Nucleic Acid and Genome Models
Genome models move life sciences AI from protein sequence toward regulatory sequence, RNA, genome organization, and cellular context. The unit of modeling is no longer only a protein product.
- Distinguish coding-sequence models from regulatory-sequence models.
- Explain the importance of context length and assay tracks.
- Read genome-model claims through organism and cell-type coverage.

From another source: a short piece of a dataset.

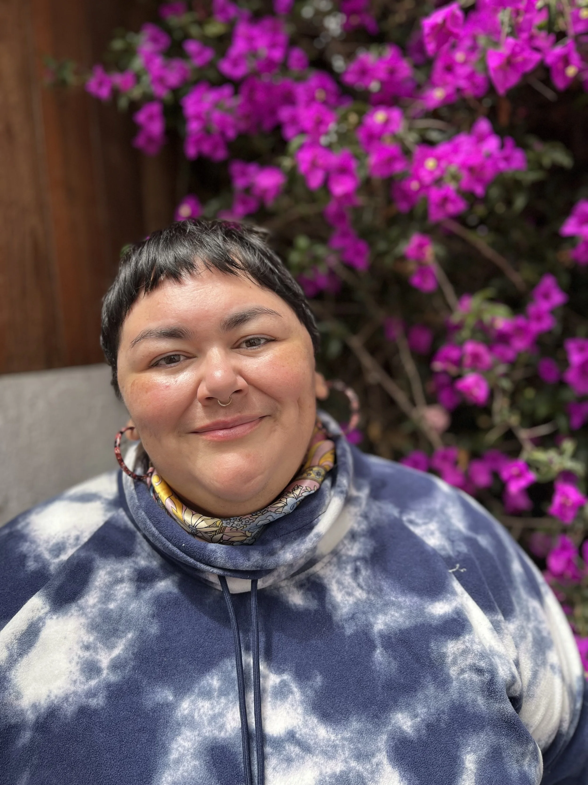 Jasmine Leiva is a multidisciplinary artist and community organizer from Fresno, California, with over 20 years of experience working alongside the community. They draw connections between their home in the San Joaquín Valley and their ancestral home in El Salvador, believing in the power of art to uplift stories. Jasmine is dedicated to building liberation and joy for trans, queer, and disabled individuals. They hold a sociology degree from Fresno State and have a cat named Yuri, along with a growing collection of plants.
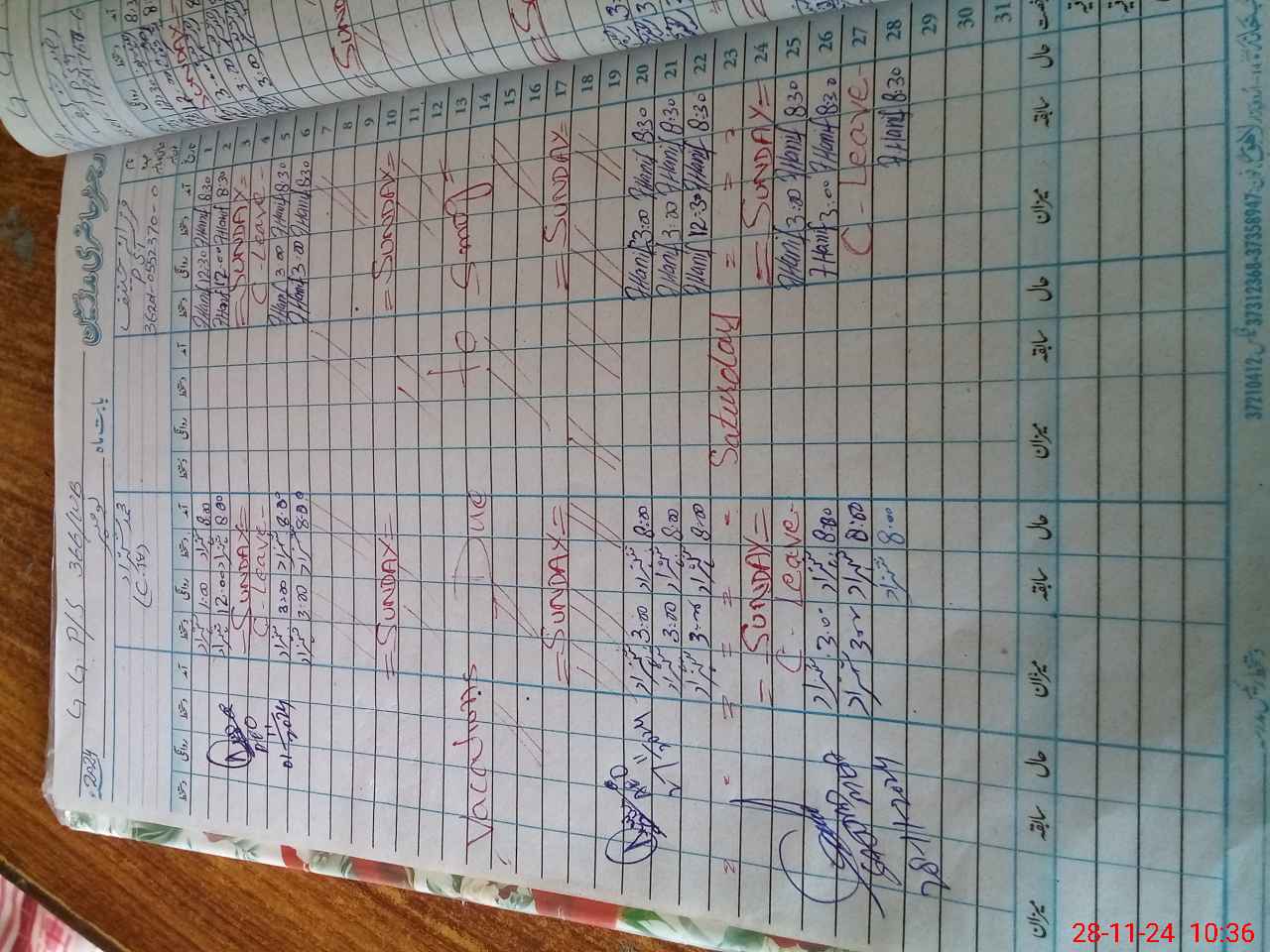 | 36**** | Ta**** Ak**** | PST | Regular | 4 | 0 | 0 | 0 | 0 | 0 | 0 | 0 | 4 | Casual |

DNA and RNA models are strongest when the output is tied to measured functional genomic assays. Variant interpretation remains difficult when disease mechanism, cell context, and long-range regulation are uncertain.
Introduction
Evo was presented as a biological foundation model operating from molecular to genome scale (Nguyen et al., 2024). AlphaGenome focuses on regulatory variant-effect prediction from long DNA sequence context (Avsec et al., 2026). These systems differ from protein language models because regulatory function depends on cell type, chromatin context, and measurement modality.
Demonstrated
Demonstrated capability includes sequence-to-function prediction for specific genomic tracks and zero-shot or few-shot transfer for selected molecular tasks. Evo demonstrated modeling across DNA, RNA, and proteins in the Science report indexed by PubMed (Nguyen et al., 2024). AlphaGenome demonstrated regulatory variant-effect prediction using megabase-scale DNA sequence inputs in Nature (Avsec et al., 2026).

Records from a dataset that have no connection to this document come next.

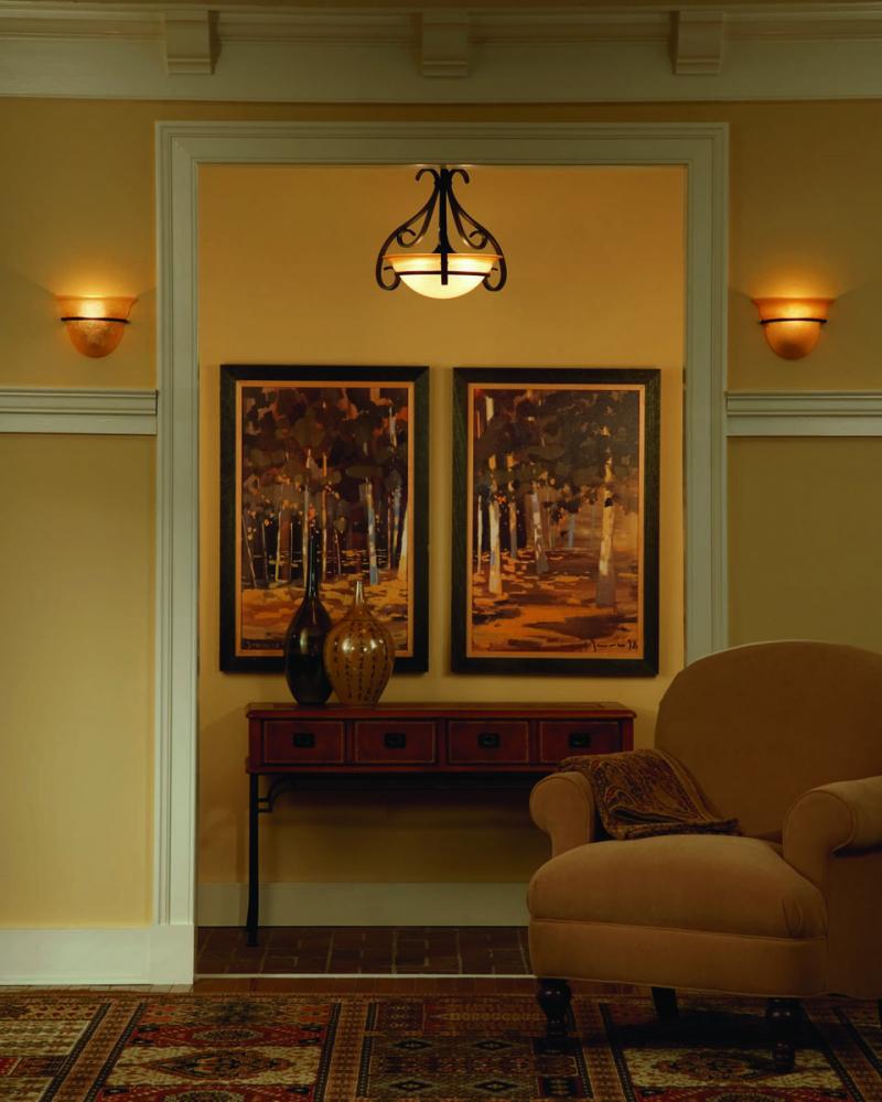 Forged Bronze finish.;Tea-stained glass bowl.;Distinctive ebbing and flowing of scrolls and arms.;Chain and ceiling mounts both included.
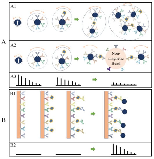 In the volumetric-based MPS bioassay method, MNPs are functionalized with capture probes that can specifically bind to target analytes (for example, via antibody–antigen recognition) in liquid. As shown in Figure 4A, MNPs are surface-functionalized with polyclonal detection antibodies. In the presence of target antigens, these polyclonal antibodies will bind to different epitopes from each protein molecule, thus causing the cross-linking of MNPs. As a result, the hydrodynamic sizes of MNPs increase, as well as the Brownian relaxation time. Thus, lower harmonic amplitudes and a larger phase lag are observed as schematically drawn in Figure 4(A3) [48,62,63]. In another example of the volumetric-based method as shown in Figure 4(A2), non-magnetic beads are introduced as the reaction surface to further reduce the rotational freedom of the MNPs. As a result of these binding and clustering events, the MPS spectrum in Figure 4(A3) becomes weaker and weaker as Brownian relaxation is hindered. The volumetric-based MPS bioassay method is a homogeneous bioassay platform that spots the target analytes straight from the liquid sample without wash steps, making it suitable for future point-of-care (POC) applications. Currently, the volumetric-based MPS bioassays demonstrate a high bioassay sensitivity and specificity, as well as the ability to multiplex different analytes in a single sample [64,65,66].
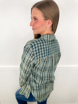 All About it Cotton Long Sleeve Green Avery Mae Button Up Top
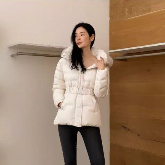 ダウンジャケット レディース 中綿ジャケット フード付き ファーフード ベルト付き ショート丈 ミディアム丈 スリム ウエストベルト あたたか きれいめ カジュアル アウトドア オフィス おしゃれ
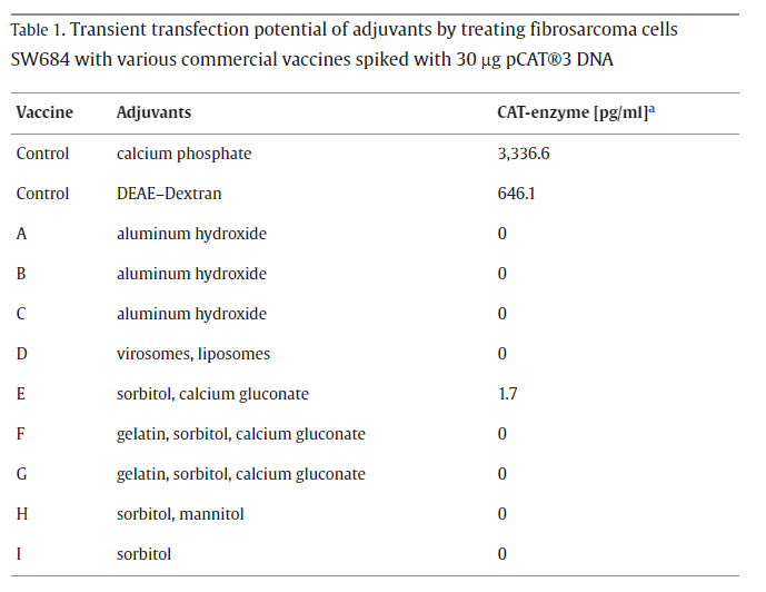 So why on earth would a paper come out in 1999 showing that “vaccine adjuvants can’t transfect plasmids in human cancer cells” using a cell line that nobody had ever used in a publication, and was subsequently rebutted by a paper from the same institute7?
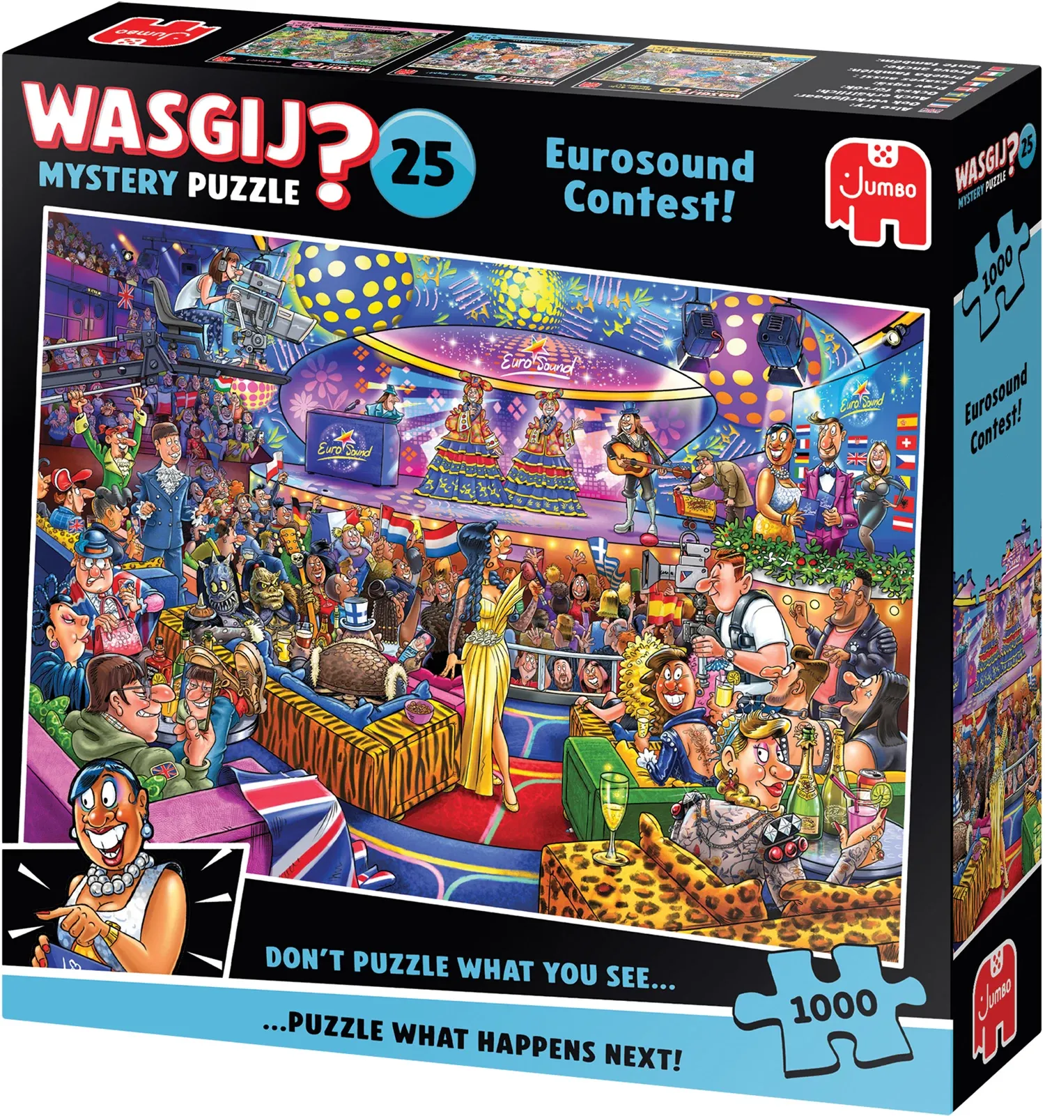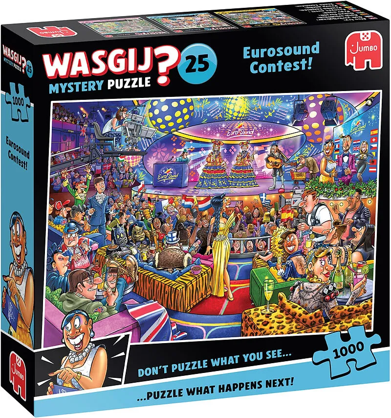 Wasgij Mystery ist ein Was passiert dann? - Puzzle. Mithilfe deiner Fantasie und der gelieferten Hinweise puzzelst du, was den auf der Schachtel dargestellten Figuren als nächstes geschehen wird.
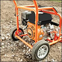 One Engine Multiple Outputs | Reliable 6.5HP Engine | Easy PortabilityKey features include the wheel kit, which provides excellent portability around site and a manual foot brake locks the machine into position for secure operation. Also features foldaway handle for convenient storage and deployable output frame with quick-release latch system. | The EVO-System FamilyThe EVO-System provides ultimate flexibility and versatility. The most effective way to buy petrol driven products; you only need one engine! Choose from a range of compatible outputs including pressure washers, water pumps and generators – save storage space; lock into the EVO-System. |

| Evidence Anchor | What It Supports | Practical Constraint |
|---|---|---|
| Evo | Genome-scale sequence modeling across biological modalities | Training domain and organism coverage define use |
| AlphaGenome | Regulatory variant-effect prediction from long sequence | Human and mouse training context does not equal all biology |
| Bridge2AI | AI-ready genomic data as an infrastructure need | Ethics and metadata remain part of model validity |
Theoretical
Theoretical capability includes genome editing design that forecasts regulatory, transcriptomic, proteomic, and phenotypic outcomes before experiments. The causal path from sequence to phenotype remains too context-rich for routine certainty.
Beyond Current Capabilities
Beyond current capabilities includes whole-organism phenotype prediction from raw genome sequence alone. Development, environment, epigenetics, microbiome, and measurement context prevent that claim.
Practice Notes
- Track organism, genome build, cell type, assay, and context window.
- Separate coding variant interpretation from noncoding regulatory interpretation.
- Use perturbational validation for proposed regulatory edits.
- Keep RNA structure, RNA expression, and RNA therapeutic design as related but distinct tasks.